去年インタビューさせていただき、夏越の大祓とは清浄な心身に服するために行われる6月末の神事だということを知りました。改めて大祓とはどのような神事か、もう少し詳しく伺いたいです!

カラオケへ行って大声で歌ったり、好きなものを思う存分食べたりなど皆さんそれぞれのリフレッシュ方法をお持ちだと思います。しかし、これを例えるなら、墨汁に水を注いで薄めているだけであって、完全に透明な水にはなっていない状態です。
綺麗な水にするためには、一旦、器の墨汁をきれいに洗い流さないとダメですよね?大祓は器に残った墨汁を洗い流し、心身を清浄にすることを目的とした神事です!

たしかに、神社にお参りして神様からパワーをもらったとしても、穢れが残っていると効果が薄くなる気がします……。

鬱陶しい梅雨、暑い夏を乗り切るためにもお近くの神社で大祓を行っている場合はぜひ参加してほしいです。

昨年お伺いした時は、大祓はアクティブな神事だという印象を持ちました!

そうですね、ほかの神事や祈願と違って、参拝者の方が自ら行動する点が挙げられると思います。
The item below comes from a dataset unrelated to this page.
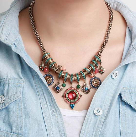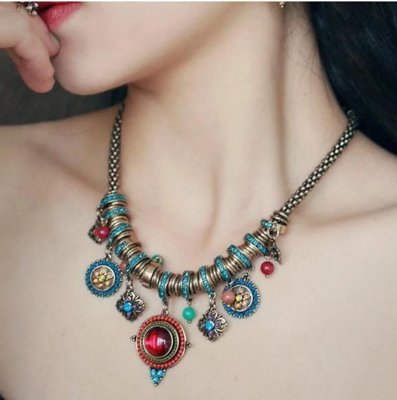 [size]: 42.6 cmEuropean and American fashion bohemian style pendant gemstone compassMaterial Plastic/Resin

茅の輪くぐりもそうですし、祝詞も読むんですよね。

大祓詞という詞をみんなで読み上げます!
読めば読むほど効力が増すといわれていて、自分はもちろん周りのことも祓い清める詞で、何が罪穢れでどのようにしたらその穢れが祓い清めるのかが書かれたものです。神職が生涯の中で一番読む詞かと思います!


一般の人も読めるものなんでしょうか?

慣れている人の中には読まれる方もいますね!でも、初めての方や慣れていない方からすると難易度が高いため、目で追う程度でも構いませんので安心して参加してくださいね!

それは助かります!そういえば昨年は、夏越の大祓で何をするか理解できたのですが、そもそもなぜ茅の輪を使っているのでしょうか?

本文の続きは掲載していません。